WORK REQUIRED
Lift out, unaltered, the lines of the material below between the line holding "FiberInspectorT M Mini" and the line holding "2019年整个火锅产业链的规", counting both.

==== PROVIDED DATA ====

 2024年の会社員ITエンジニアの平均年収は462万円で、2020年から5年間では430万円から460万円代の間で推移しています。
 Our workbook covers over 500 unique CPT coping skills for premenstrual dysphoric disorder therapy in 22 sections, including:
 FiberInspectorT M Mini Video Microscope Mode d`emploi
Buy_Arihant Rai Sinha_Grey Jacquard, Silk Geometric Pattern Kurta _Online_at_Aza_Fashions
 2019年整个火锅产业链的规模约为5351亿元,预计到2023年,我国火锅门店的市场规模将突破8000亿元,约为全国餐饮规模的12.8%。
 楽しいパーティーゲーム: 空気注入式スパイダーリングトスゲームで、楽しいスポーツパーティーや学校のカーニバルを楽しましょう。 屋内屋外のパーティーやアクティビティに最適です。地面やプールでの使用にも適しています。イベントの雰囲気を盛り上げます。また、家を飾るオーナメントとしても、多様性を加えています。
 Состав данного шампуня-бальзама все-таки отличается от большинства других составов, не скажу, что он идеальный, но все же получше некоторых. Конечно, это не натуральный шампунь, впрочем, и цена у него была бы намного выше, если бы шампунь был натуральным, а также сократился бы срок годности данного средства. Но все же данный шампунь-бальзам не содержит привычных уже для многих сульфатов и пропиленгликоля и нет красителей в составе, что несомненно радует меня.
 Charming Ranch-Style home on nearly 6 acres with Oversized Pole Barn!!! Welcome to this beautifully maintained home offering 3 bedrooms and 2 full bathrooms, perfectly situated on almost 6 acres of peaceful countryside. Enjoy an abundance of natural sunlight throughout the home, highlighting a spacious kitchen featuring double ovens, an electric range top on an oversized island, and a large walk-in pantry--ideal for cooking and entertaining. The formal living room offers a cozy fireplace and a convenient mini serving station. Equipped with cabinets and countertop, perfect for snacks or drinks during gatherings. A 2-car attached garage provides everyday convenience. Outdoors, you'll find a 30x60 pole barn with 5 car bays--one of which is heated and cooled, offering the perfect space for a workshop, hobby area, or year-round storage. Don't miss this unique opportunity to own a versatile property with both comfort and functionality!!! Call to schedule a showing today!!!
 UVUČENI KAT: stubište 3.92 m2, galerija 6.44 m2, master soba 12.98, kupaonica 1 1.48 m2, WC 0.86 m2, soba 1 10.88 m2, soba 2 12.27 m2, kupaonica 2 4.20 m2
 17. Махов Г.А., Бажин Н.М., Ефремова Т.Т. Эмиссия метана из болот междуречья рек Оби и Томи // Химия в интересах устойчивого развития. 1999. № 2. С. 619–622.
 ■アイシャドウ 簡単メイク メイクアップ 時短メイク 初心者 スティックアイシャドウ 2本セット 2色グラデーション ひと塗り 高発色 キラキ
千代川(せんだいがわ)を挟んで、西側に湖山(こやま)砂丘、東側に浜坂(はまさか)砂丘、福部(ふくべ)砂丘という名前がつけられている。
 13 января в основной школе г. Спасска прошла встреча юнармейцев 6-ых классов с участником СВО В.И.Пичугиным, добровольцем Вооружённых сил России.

====
==== PROVIDED DATA ====

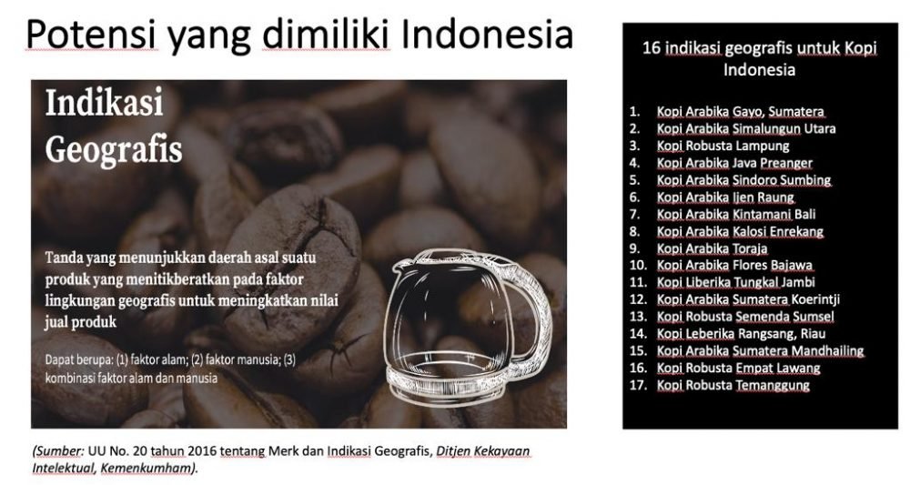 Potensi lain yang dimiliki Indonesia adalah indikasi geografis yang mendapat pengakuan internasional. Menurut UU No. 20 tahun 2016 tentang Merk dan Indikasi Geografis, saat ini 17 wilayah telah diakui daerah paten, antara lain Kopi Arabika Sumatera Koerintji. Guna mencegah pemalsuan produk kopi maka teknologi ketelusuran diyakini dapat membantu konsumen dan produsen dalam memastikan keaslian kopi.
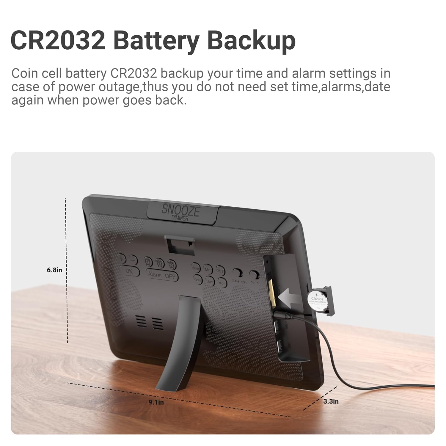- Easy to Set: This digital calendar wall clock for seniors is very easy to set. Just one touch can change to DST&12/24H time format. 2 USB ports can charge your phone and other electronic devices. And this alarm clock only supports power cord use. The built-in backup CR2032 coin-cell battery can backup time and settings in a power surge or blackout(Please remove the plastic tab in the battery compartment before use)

====
==== PROVIDED DATA ====

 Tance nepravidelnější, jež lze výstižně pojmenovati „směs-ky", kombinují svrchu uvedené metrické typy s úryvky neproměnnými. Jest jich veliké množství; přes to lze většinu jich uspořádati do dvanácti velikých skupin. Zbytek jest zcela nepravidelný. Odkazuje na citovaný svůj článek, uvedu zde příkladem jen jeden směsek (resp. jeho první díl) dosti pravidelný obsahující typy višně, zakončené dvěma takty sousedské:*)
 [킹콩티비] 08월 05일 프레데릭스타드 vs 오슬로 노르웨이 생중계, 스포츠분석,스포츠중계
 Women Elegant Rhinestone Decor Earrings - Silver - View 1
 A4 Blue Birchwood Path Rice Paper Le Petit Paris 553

====

SOLUTION FOR THIS TASK
 FiberInspectorT M Mini Video Microscope Mode d`emploi
Buy_Arihant Rai Sinha_Grey Jacquard, Silk Geometric Pattern Kurta _Online_at_Aza_Fashions
 2019年整个火锅产业链的规模约为5351亿元,预计到2023年,我国火锅门店的市场规模将突破8000亿元,约为全国餐饮规模的12.8%。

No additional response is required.